The latest Tülu3 series of models released by the Allen Institute for Artificial Intelligence (AI2) has brought impressive breakthroughs to the field of open source language models. Not only is Tülu3 comparable in performance to closed-source models such as GPT-4o-mini, but more importantly, it is completely open source and provides comprehensive training data, code, training recipes, and evaluation frameworks, which is critical to promoting open source models. The development of training technology is of milestone significance. It solves many problems existing in the practical application of traditional pre-training models, such as generating harmful information and difficulty in following instructions, etc., and brings new possibilities to research and application in the field of artificial intelligence.
In the field of artificial intelligence, post-training technology is gradually becoming an important means to improve model performance. Recently, the Allen Institute for Artificial Intelligence (AI2) released the Tülu3 series of models, which is a completely open source advanced language model with performance comparable to closed source models such as GPT-4o-mini. Tülu3 not only contains model data, code, and training recipes, but also provides an evaluation framework, aiming to promote the development of open source model post-training technology.
Traditionally, pre-trained models alone are often ineffective in meeting practical application needs, may produce toxic or dangerous information, and are difficult to follow human instructions. Therefore, post-training stages such as instruction fine-tuning and human feedback learning are particularly important. However, how to optimize the post-training process is still a technical problem, especially when improving one ability of the model, it may affect other abilities.
In order to overcome this problem, major companies have increased the complexity of post-training methods, trying multiple rounds of training and combining artificial and synthetic data, but most methods are still closed source. In contrast, the release of the Tülu3 series has broken through the performance gap between open source models and closed source models and brought new training ideas.
The training process of Tülu3 is divided into four stages: data construction, supervised fine-tuning, preference adjustment and reinforcement learning with verifiable rewards.
First, researchers focus on the core skills of the model and construct training data by combining artificial data with synthetic data.
Second, supervised fine-tuning is performed to ensure that the model performs as well as other state-of-the-art models on specific skills.
Third, the direct preference optimization method is used to further improve the overall performance of the model.

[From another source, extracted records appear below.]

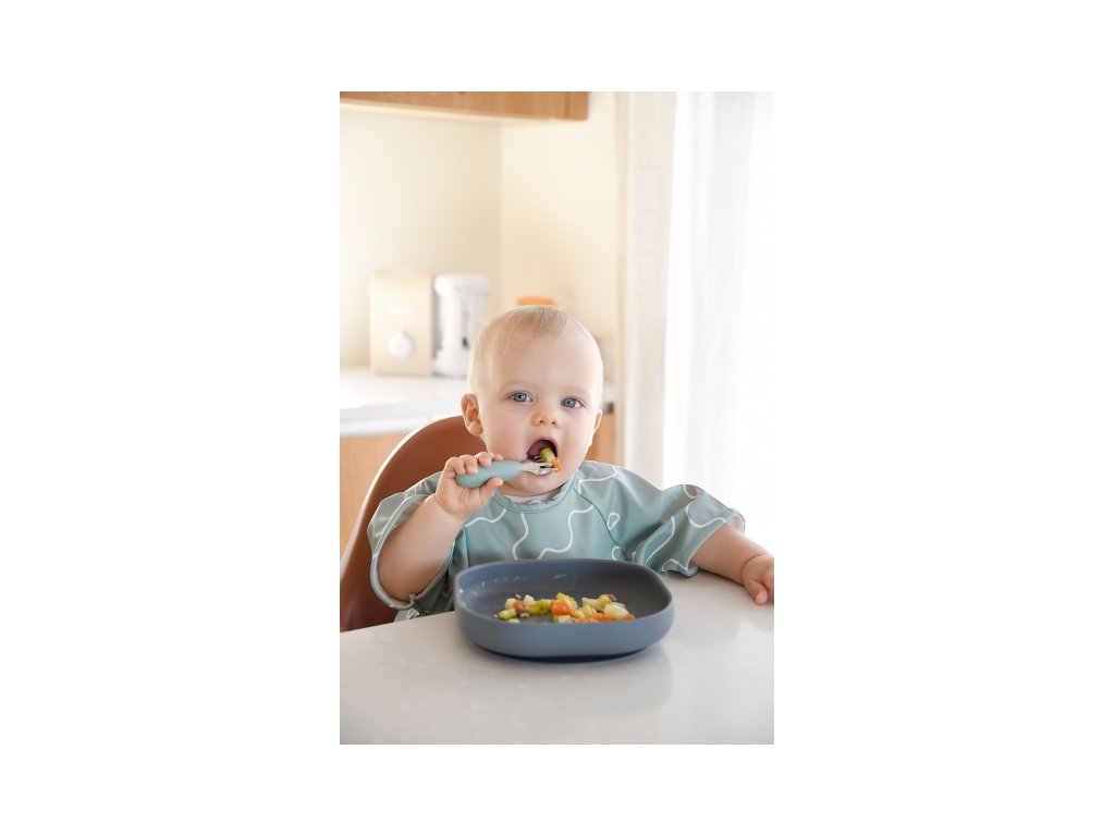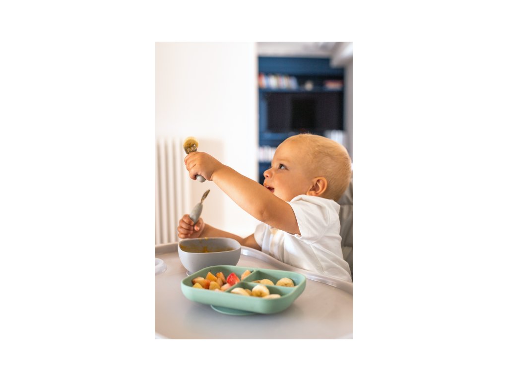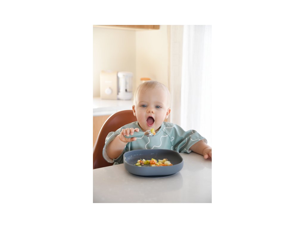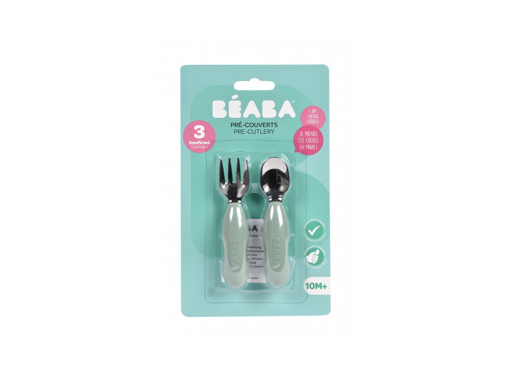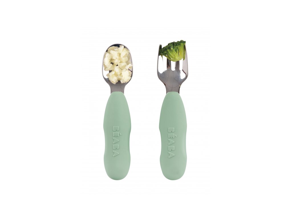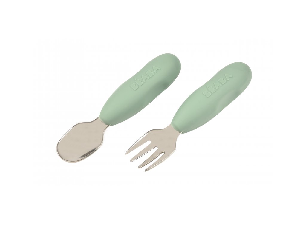 Az első, minőségi rozsdamentes acélból készült, műanyag nyelű evőeszköz megkönnyíti a gyermek számára az átállást a kanállal való etetésről az evőeszköz használatára. A rozsdamentes acél villa és kanál könnyű, és az ergonomikus műanyag nyélnek köszönhetően a gyermekek könnyen megfoghatják. A sekély kanál ideális kis mennyiségű táplálék felvételére, amelyet a gyermek a szájába tud vinni. A villa lekerekített hegyei garantálják a biztonságos használatot.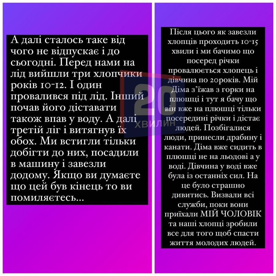 — До цієї пори не можу заспокоїтися. Ця картина стоїть перед очима. Перед нами на лід вийшли троє хлопчиків років 10-12. Один з них провалився під лід. Інший намагався йому допомогти, але також впав у воду. Зрештою третій хлопчик ліг на лід і дістав друзів з води. Це все тривало якусь долю секунди. Ми встигли добігти до дітей, посадили їх в машину і завезли додому. А потім повернулися до річки, — каже дівчина.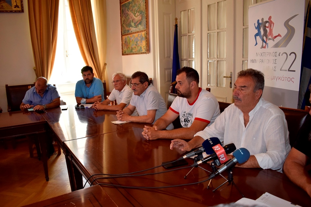 Ο Δήμαρχος Πατρέων Κώστας Πελετίδης, ο Αντιδήμαρχος Παιδείας και Αθλητισμού, Τάκης Πετρόπουλος και τα μέλη της Οργανωτικής Επιτροπής του Νυχτερινού Ημιμαραθωνίου Πάτρας 2022 «Φάνης Τσιμιγκάτος» παραχώρησαν σήμερα το μεσημέρι στο Δημαρχείο, συνέντευξη Τύπου. Στην συνέντευξη συμμετείχαν ο μεγάλος Πατρινός Μαραθωνοδρόμος Νίκος Αργυρόπουλος, μεταφέροντας με συγκίνηση, την κοινή πορεία του με το Φάνη Τσιμιγκάτο, την άμιλλα και τη φιλία που αναπτύχθηκε μεταξύ τους, ο αδελφός του Φάνη Τσιμιγκάτου, Γιώργος Τσιμιγκάτος και ο γιος του, Νίκος Τσιμιγκάτος.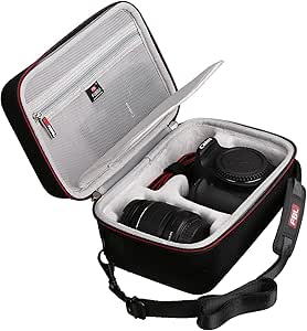 This hard carrying traveling case is deigned for Canon EOS Rebel T7 / T8i / T5 / R50 / R100 DSLR Camera with 18-55mm Lens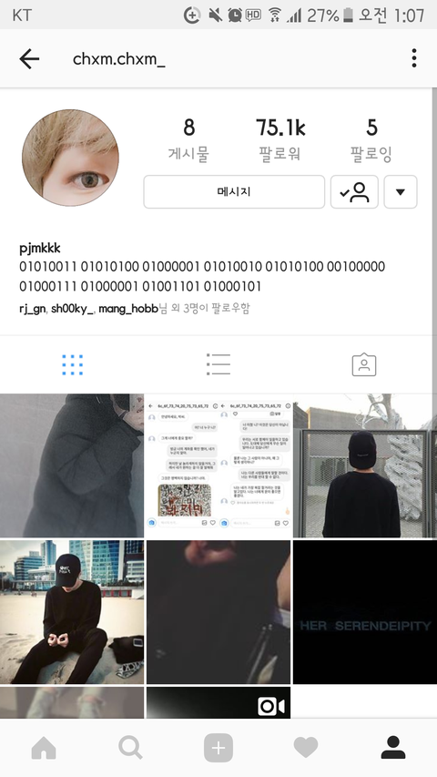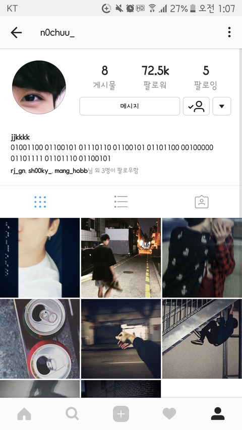 n0chuu_ (정국) 계정에 올라온 모스부호들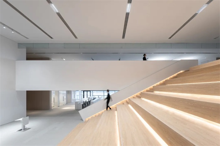 裙楼层面之上叠加座落的建筑体块内分布着企业不同部门的工作团队,宽敞明亮的办公区域可根据具体需求灵活调整。可开放窗扇令办公空间实现自然通风换气。跨越不同楼层的通高中庭与大型阶梯设计,服务于办公层之间垂直交通流线的同时,也可作为举行跨团队讲座与聚会活动的场所。另外,各个办公层还配备一个特殊的非正式交流空间,此处设有茶水间、休憩区、图书馆、健身区域等。裙楼屋顶是开敞的露台空间,拥有无边际泳池、篮球场、烧烤站点等休闲设施专供唯品会员工与客户使用,营造具有绝佳江景视野的一方天地,让人们尽享午休或下班时光

Finally, the innovative method of verifiable reward reinforcement learning is introduced to help the model better complete tasks with verifiable results.
The Tülu3 model is built on the basis of Llama3.1 and has excellent performance in areas such as reasoning, mathematics, programming and instruction following. Compared with other open-source and closed-source models, Tülu3’s comprehensive capabilities perform well in multiple benchmarks, marking a major advancement in post-open source training technology.
Paper link: https://allenai.org/papers/tulu-3-report.pdf
Demo:https://playground.allenai.org/
Highlight:
? Tülu3 is an open source language model launched by AI2, which has comparable performance to closed source models such as GPT-4o-mini.
? Post-training technology is crucial and can effectively improve the performance of the model in practical applications.
? The innovative training process of Tülu3 is divided into four stages: data construction, supervised fine-tuning, preference adjustment and verifiable reward reinforcement learning.
The open source nature of Tülu3 allows researchers to deeply study its training methods and make improvements and innovations on this basis, which will greatly promote the development of open source language models. Its excellent performance in many fields also indicates that the open source model will play a more important role in the future. It is expected that Tülu3 can further promote the popularization and application of artificial intelligence technology.